In this cluster, I would include companies and platforms that are not using alternative fundraising themselves but rather creating the foundations for others to leverage non-traditional channels. The best example to explain it is likely Swarm Fund, which basically allows the “tokenization of real-world objects”. And by the way, it is a non-profit company, so when they say they do that for increasing trust and transparency in the industry I think it is easier to believe them.
A second alternative is given instead by Blockstack, which has recently launched a fund backed by other VCs to invest exclusively in decentralized applications built on the Blockstack platform itself (it is slightly more complicated than that, but I am trying to oversimplifying here). This project falls within the Enabling Platforms group because what they are really trying to do is building a new decentralized version of the internet (but sure, why not revolutionize the investment world in the meantime?)

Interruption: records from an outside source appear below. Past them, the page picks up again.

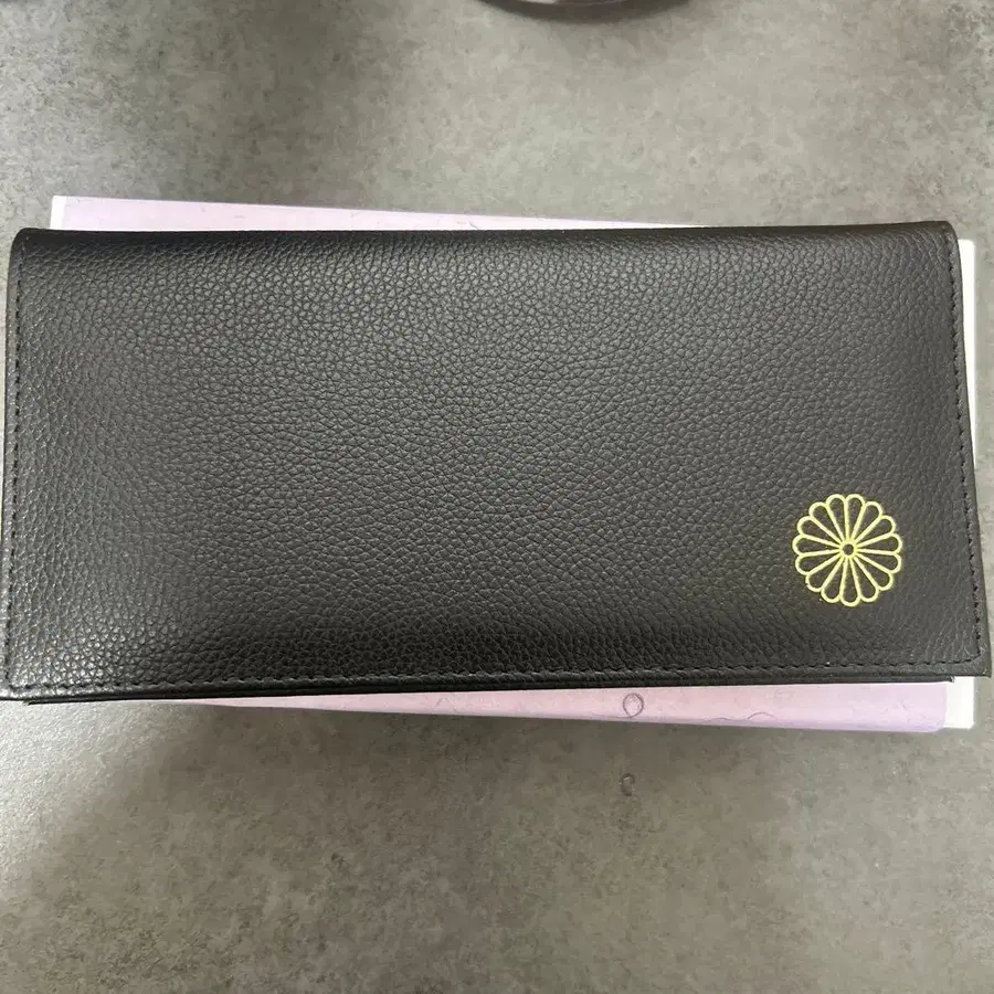 황거 장지갑 블랙 국화 문양 골드 컬러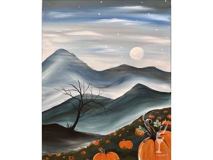 A fog blankets the mountains, rolling in to greet a pumpkin patch in this paint and sip class.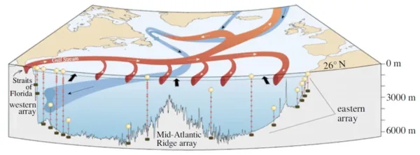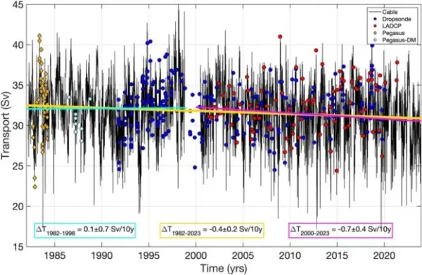 Een belangrijke AMOC-component, de Florida Current (FC), wordt bijna continu sinds 1982 gemeten met onderzeese communicatiekabels tussen Florida en de Bahama’s op 27°NB. Een afname van de FC sterkte zou kunnen wijzen op een verzwakking van de AMOC.

This is not a full list of alternative fundraising mechanisms, but rather a first attempt to map what options both entrepreneurs and investors have. I am not on purpose distinguishing between fundraising for startups and for venture funds because I am more interested in what is conceptually possible and how emerging technologies such as AI and blockchain are changing the industry.

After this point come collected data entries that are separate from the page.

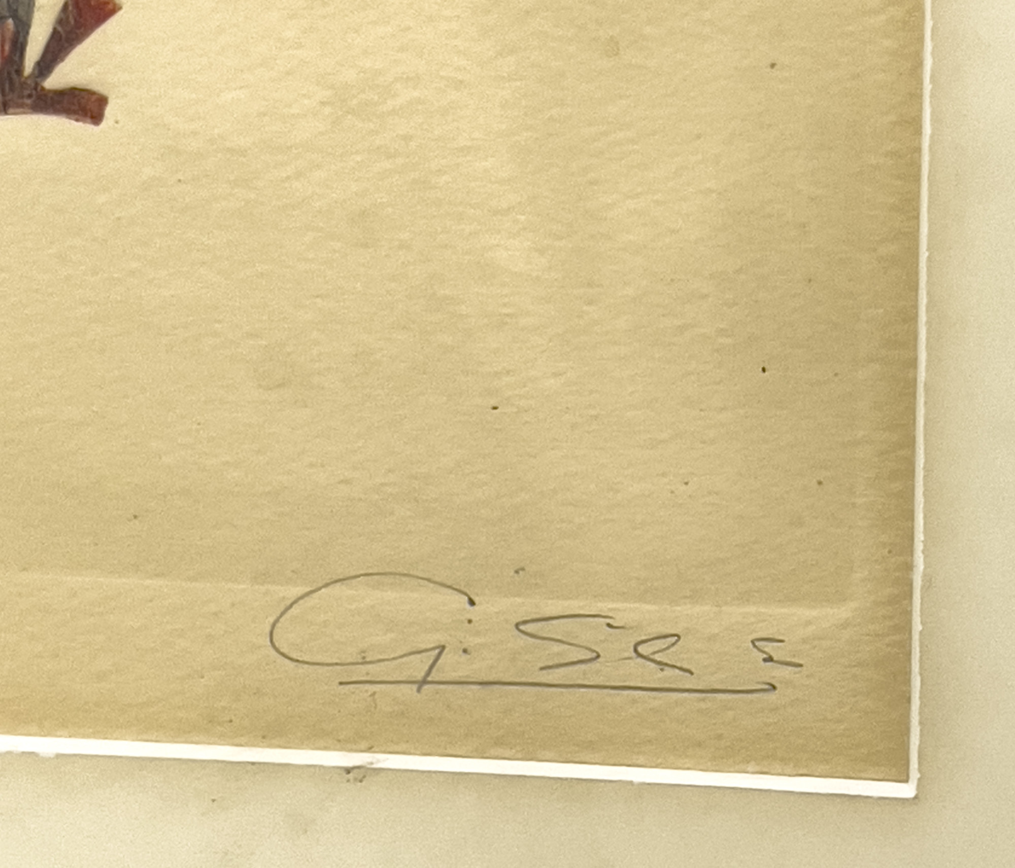 colored etching plate (larger): 11 1/4 x 17 3/4 inches signed lower right
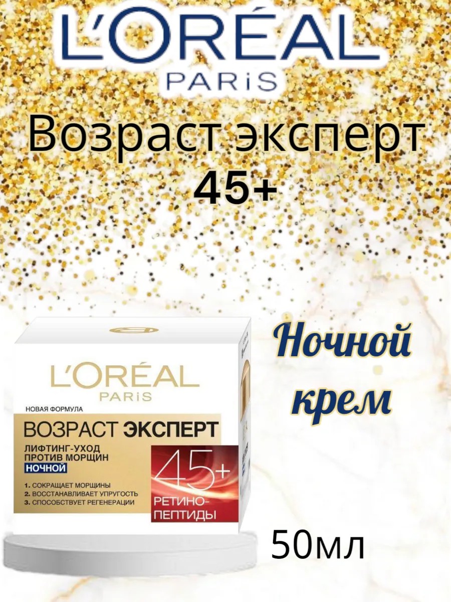 Ночной крем для лица Возраст эксперт 45+ - лифтинг-уход против морщин от L'Oreal Paris (Лореаль Париж) создан специально для ухода за кожей после 45 лет и визуально устраняет возрастные признаки. Про-ретинол стимулирует обновление клеток кожи, способствуя улучшению текстуры кожи. Масло камелии способствует интенсивному питанию и мягкости кожи.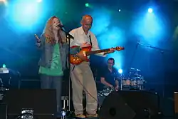 Elaine Morgan (born 1960, Cardiff) is a Welsh folk singer. She was a member of Dan Ar Braz's group L'Heritage des Celtes, and often sang lead vocals, either alone or jointly with Karen Matheson. Morgan and Matheson received much acclaim for their performance on the Breton-language song Diwanit Bugale, France's entry to the Eurovision Song Contest 1996. Formed her own folk-rock band Rose among Thorns together with her husband Derek and produced several albums throughout the nineties. Currently involved in the running of the Rumney Folk Club in Cardiff. Has also worked with members of Fairport Convention and featured with them at their annual Cropredy gathering.

In addition to unlocking a new phase for the investment world, those technologies and new business models are democratizing venture funding (from both sides) as never before, as well as solving some major issues the field has ever had. They are indeed i) getting more companies in front of a larger audience; ii) reducing the cost of investing; iii) increasing the market liquidity, and iv) increasing the capital availability (and the possibility to achieve a certain financial goal).
However, whether all this democratization will have a positive effect on the industry is still unclear and I would not rush to line up with one side or the other until the long-term implications of those channels will be deeply thought and analyzed.